# turning a duck call



## b-stick (Mar 24, 2012)

im interested in turning a few calls for some close friends..

what should i buy in order to turn these??


----------



## brown down (Mar 2, 2010)

i have made a lot of calls. you can buy the guts online through HUT i think penn state industries may carry them as well. you are going to want to make some mandrels, i started with wood and than had a custom metal expanding one made. HUT i believe sells a started kit for turning game calls!!!! they are fun to make! tuning them can become an issue but if you know what sound you are looking for you shouldn't have a problem


----------



## b-stick (Mar 24, 2012)

what mandrel do i need to buy??

or what will i need to make one??


----------



## brown down (Mar 2, 2010)

YOU can turn one out of wood and cut o rings in to hold the place, but they tend to break and you have to start over making another one i got frustrated and had one made. i chuck the one i have now and use my live center to make sure it is running true! than i take the piece of wood slide it on tighten the screw and it will not move!!


----------



## Whaler (Mar 9, 2011)

I have done several from Craft Supply.
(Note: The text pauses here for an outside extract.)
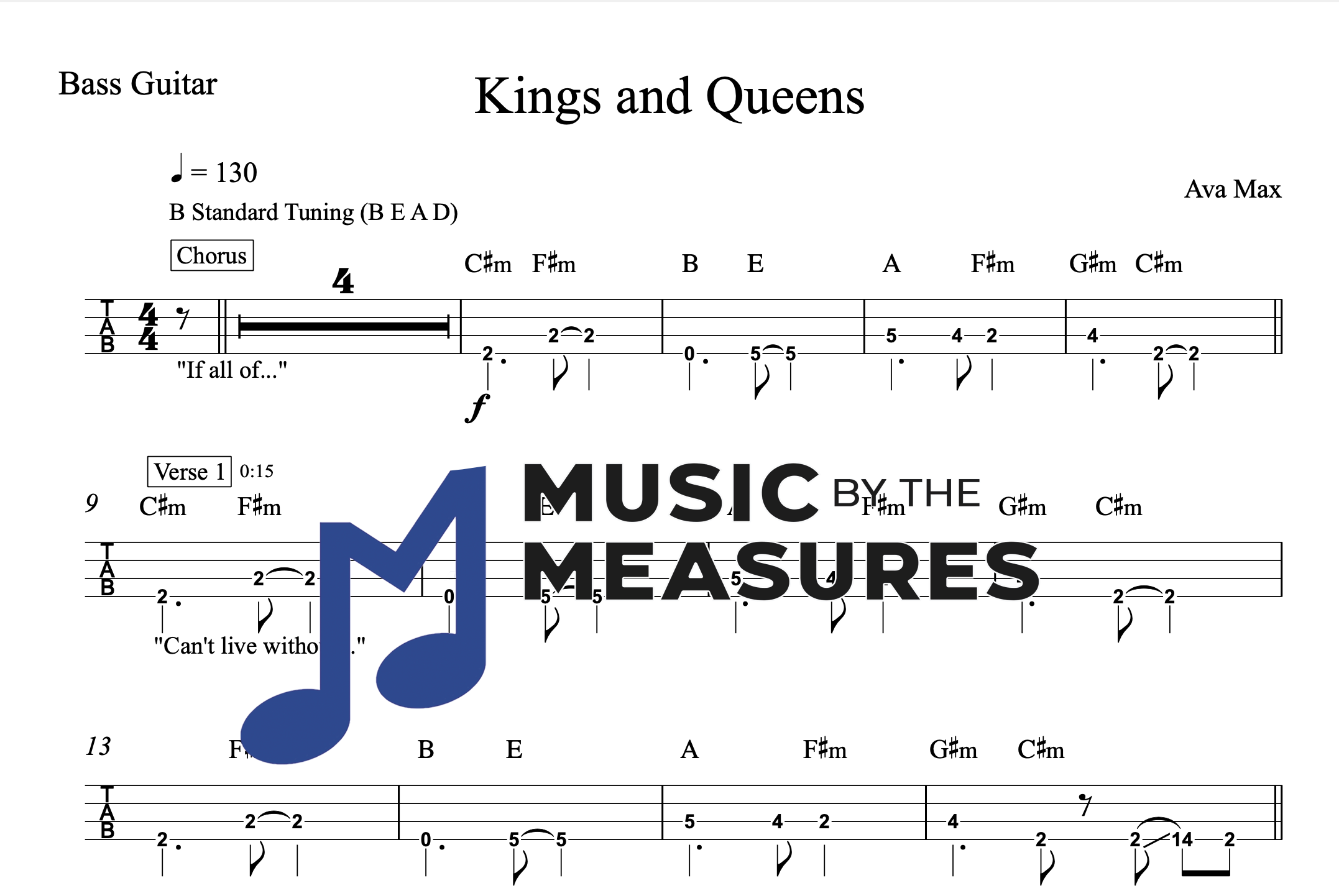 Bass Guitar Tablature for “Kings and Queens” by Ava Max

They mention using a mandrel but they are easily done between centers.
http://www.woodturnerscatalog.com/s...Winglock_Game_Call_Kit___winglock_calls?Args=


----------



## brown down (Mar 2, 2010)

you can def turn them between centers, but in my opinion in order to get a quality sanding job on the inside the call a mandrel is the way to go. you can take that piece and flip it around to really get both ends really well. unless you are an experienced turner than a mandrel is the way to go. thats just my opinion


----------



## BassBlaster (Nov 21, 2010)

Do you allready own a Nova chuck? Just buy a set of pin jaws for it.

Another option is to make a pin chuck.


----------